What you are asked to do:
Using only the entries below, copy exactly the lines that begin at the one with "Lieferumfang: 1 Munltifunktionswerkzeug, 1" and end at the one with "La Cámara de", both included. Drop the pictures.

Extracted records:
•••
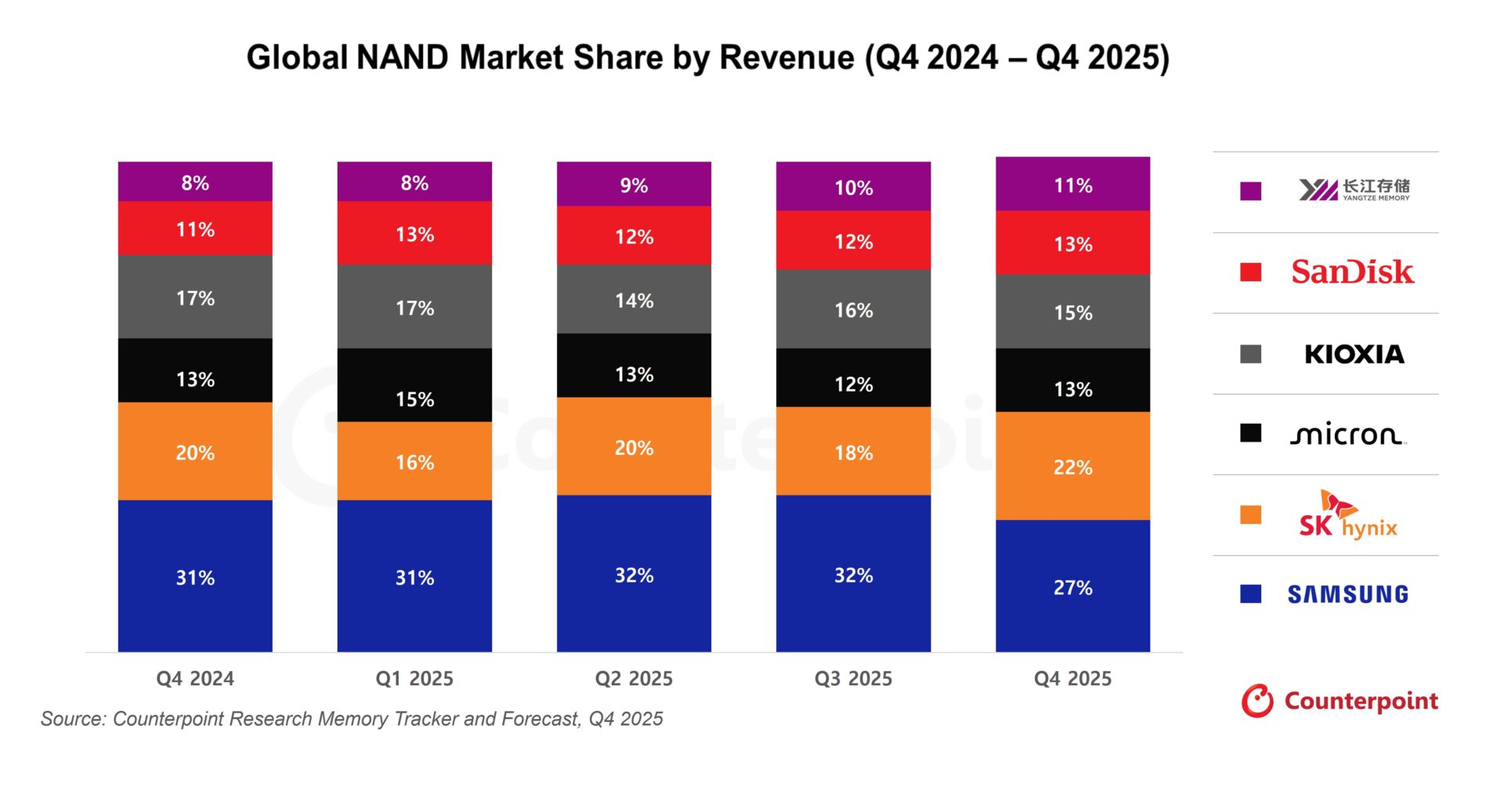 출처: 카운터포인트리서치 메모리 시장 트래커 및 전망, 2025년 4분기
•••
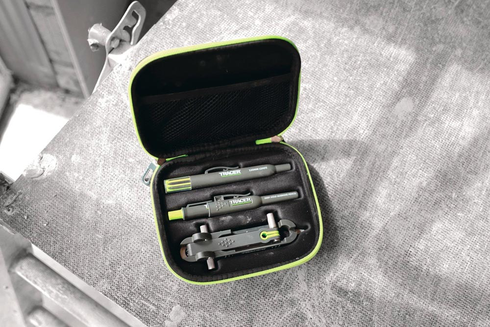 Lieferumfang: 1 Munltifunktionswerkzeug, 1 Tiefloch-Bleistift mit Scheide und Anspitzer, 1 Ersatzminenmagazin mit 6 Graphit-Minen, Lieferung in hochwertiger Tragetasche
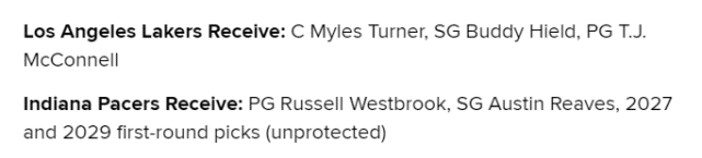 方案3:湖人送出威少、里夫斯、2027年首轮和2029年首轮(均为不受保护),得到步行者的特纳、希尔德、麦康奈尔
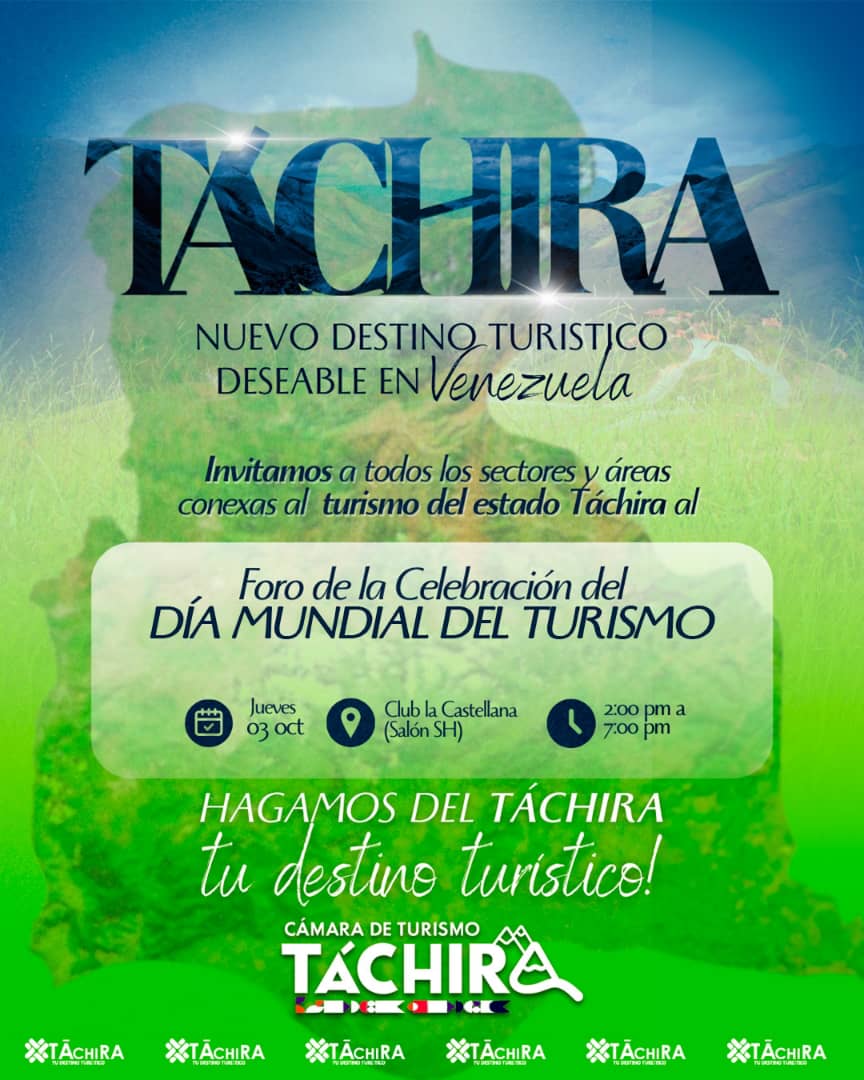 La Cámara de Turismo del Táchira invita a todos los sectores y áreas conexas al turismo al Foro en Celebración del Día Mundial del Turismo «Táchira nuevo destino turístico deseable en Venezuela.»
•••
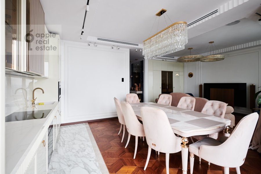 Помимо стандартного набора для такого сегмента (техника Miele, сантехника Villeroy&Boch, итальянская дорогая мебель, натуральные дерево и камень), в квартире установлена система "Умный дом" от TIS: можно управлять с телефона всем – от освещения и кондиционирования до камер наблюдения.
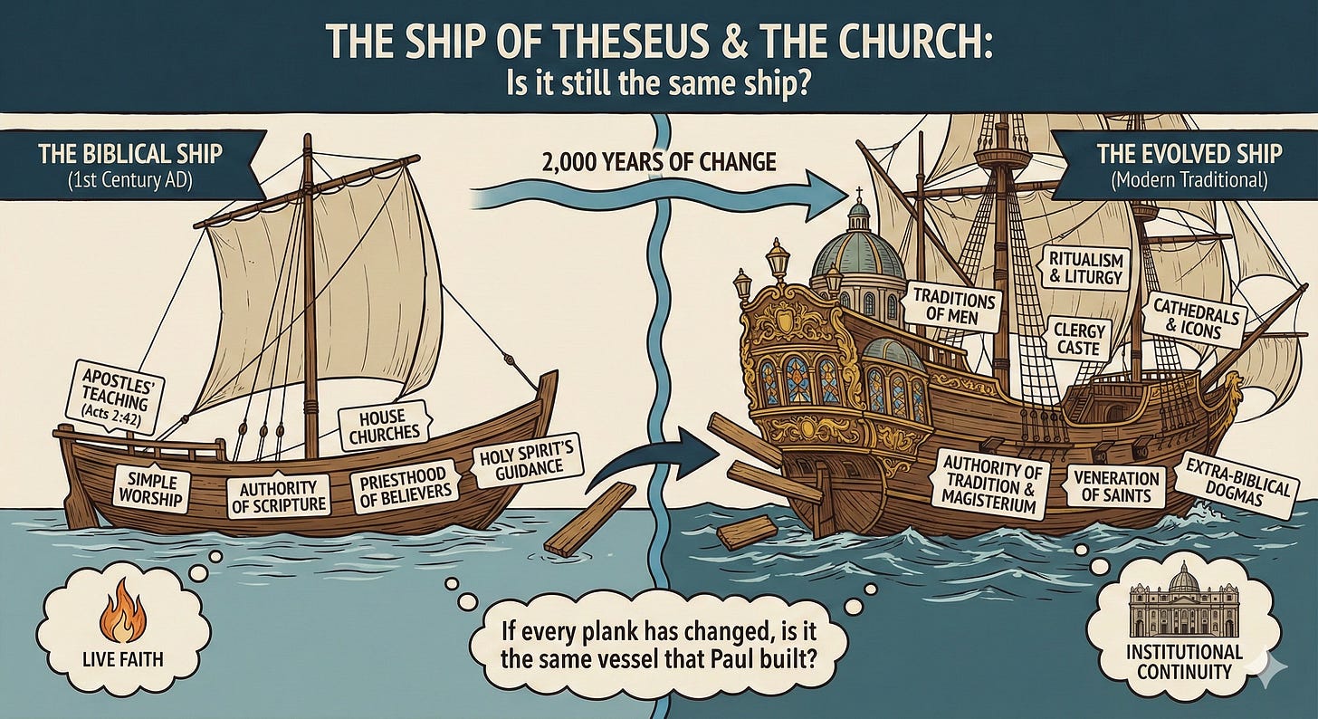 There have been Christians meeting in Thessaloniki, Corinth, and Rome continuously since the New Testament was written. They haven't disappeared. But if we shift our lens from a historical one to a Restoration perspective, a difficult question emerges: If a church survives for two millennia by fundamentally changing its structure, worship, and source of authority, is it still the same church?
•••
Answer to the problem:
 Lieferumfang: 1 Munltifunktionswerkzeug, 1 Tiefloch-Bleistift mit Scheide und Anspitzer, 1 Ersatzminenmagazin mit 6 Graphit-Minen, Lieferung in hochwertiger Tragetasche
 方案3:湖人送出威少、里夫斯、2027年首轮和2029年首轮(均为不受保护),得到步行者的特纳、希尔德、麦康奈尔
 La Cámara de Turismo del Táchira invita a todos los sectores y áreas conexas al turismo al Foro en Celebración del Día Mundial del Turismo «Táchira nuevo destino turístico deseable en Venezuela.»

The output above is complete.